* **Problem to work on**
Repeat every line of the data exactly; no picture belongs in the copy.

* **Given data**

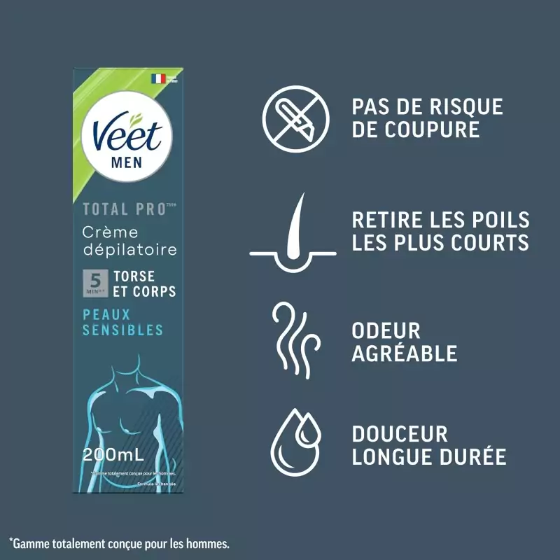 Crema de îndepărtare a părului Veet Men Total Pro™ a fost special dezvoltată pentru nevoile pielii bărbaților. Aceasta îndepărtează părul nedorit de pe corp rapid și eficient. Crema asigură o piele vizibil netedă, hidratează timp de până la 24 de ore și permite îndepărtarea părului de pe partea superioară a corpului și de pe picioare fără riscul de tăieturi, așa cum se poate întâmpla în cazul bărbieritului.
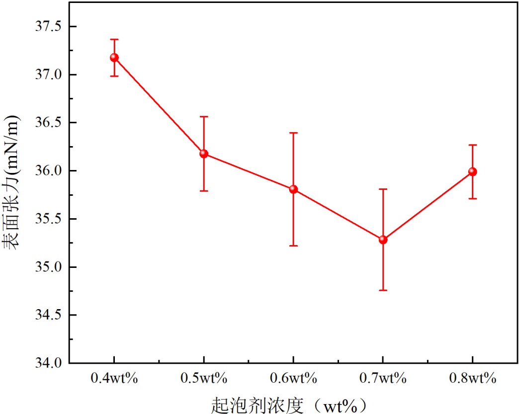 对于泡沫流体而言,泡沫流体的稳定性随着起泡剂浓度增加而提高,当起泡剂浓度达到胶束浓度之后,继续增加浓度不会提升稳定性,有时还会降低稳定性[14],为筛选出最优发泡浓度,对CAB-35起泡剂溶液进行了表面张力测量,实验结果如图3。随着浓度的增加,表面张力先降低后升高,在0.7 wt%浓度下达到最低,表明在该浓度下能有最好的泡沫稳定性。结合流变性实验所设置浓度,确定后续管流实验浓度为0.6 wt%。
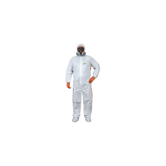 Tuta con cappuccio elasticizzata non tessuto (70% polipropilene 30% polietilene). Parte posteriore 100% polipropilene SMS molto traspirante. Chiusura zip sotto baverina. Elastico di chiusura in testa, in vita, ai polsi ed alle caviglie. 70% polipropilene 30% polietilene - non tessuto bianco. Il polietilene assicura una migliore resistenza alle aggressioni chimiche oltre che una migliore resistenza meccanica (abrasione - lacerazione). 100% polipropilene SMS - non tessuto arancione. Il processo SMS fornisce una migliore traspirazione del prodotto. Rinforzo tra le gambe per una maggiore resistenza agli strappi. Categoria DPI: 3. Certificazione CE. Conformità alle norme EN ISO 13688:2013, EN ISO 13982-1:2004+A1:2010, EN13034:2005+A1:2009, EN1073-2:2002 e EN1149-5:2018.
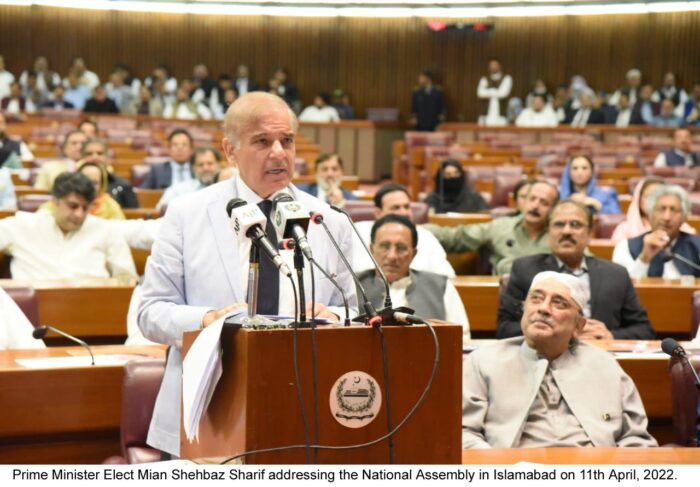 Prime Minister Elect Mian Shehbaz Sharif addressing the National Assembly in Islamabad on 11th April, 2022.

* **Output**
 Crema de îndepărtare a părului Veet Men Total Pro™ a fost special dezvoltată pentru nevoile pielii bărbaților. Aceasta îndepărtează părul nedorit de pe corp rapid și eficient. Crema asigură o piele vizibil netedă, hidratează timp de până la 24 de ore și permite îndepărtarea părului de pe partea superioară a corpului și de pe picioare fără riscul de tăieturi, așa cum se poate întâmpla în cazul bărbieritului.
 对于泡沫流体而言,泡沫流体的稳定性随着起泡剂浓度增加而提高,当起泡剂浓度达到胶束浓度之后,继续增加浓度不会提升稳定性,有时还会降低稳定性[14],为筛选出最优发泡浓度,对CAB-35起泡剂溶液进行了表面张力测量,实验结果如图3。随着浓度的增加,表面张力先降低后升高,在0.7 wt%浓度下达到最低,表明在该浓度下能有最好的泡沫稳定性。结合流变性实验所设置浓度,确定后续管流实验浓度为0.6 wt%。
 Tuta con cappuccio elasticizzata non tessuto (70% polipropilene 30% polietilene). Parte posteriore 100% polipropilene SMS molto traspirante. Chiusura zip sotto baverina. Elastico di chiusura in testa, in vita, ai polsi ed alle caviglie. 70% polipropilene 30% polietilene - non tessuto bianco. Il polietilene assicura una migliore resistenza alle aggressioni chimiche oltre che una migliore resistenza meccanica (abrasione - lacerazione). 100% polipropilene SMS - non tessuto arancione. Il processo SMS fornisce una migliore traspirazione del prodotto. Rinforzo tra le gambe per una maggiore resistenza agli strappi. Categoria DPI: 3. Certificazione CE. Conformità alle norme EN ISO 13688:2013, EN ISO 13982-1:2004+A1:2010, EN13034:2005+A1:2009, EN1073-2:2002 e EN1149-5:2018.
 Prime Minister Elect Mian Shehbaz Sharif addressing the National Assembly in Islamabad on 11th April, 2022.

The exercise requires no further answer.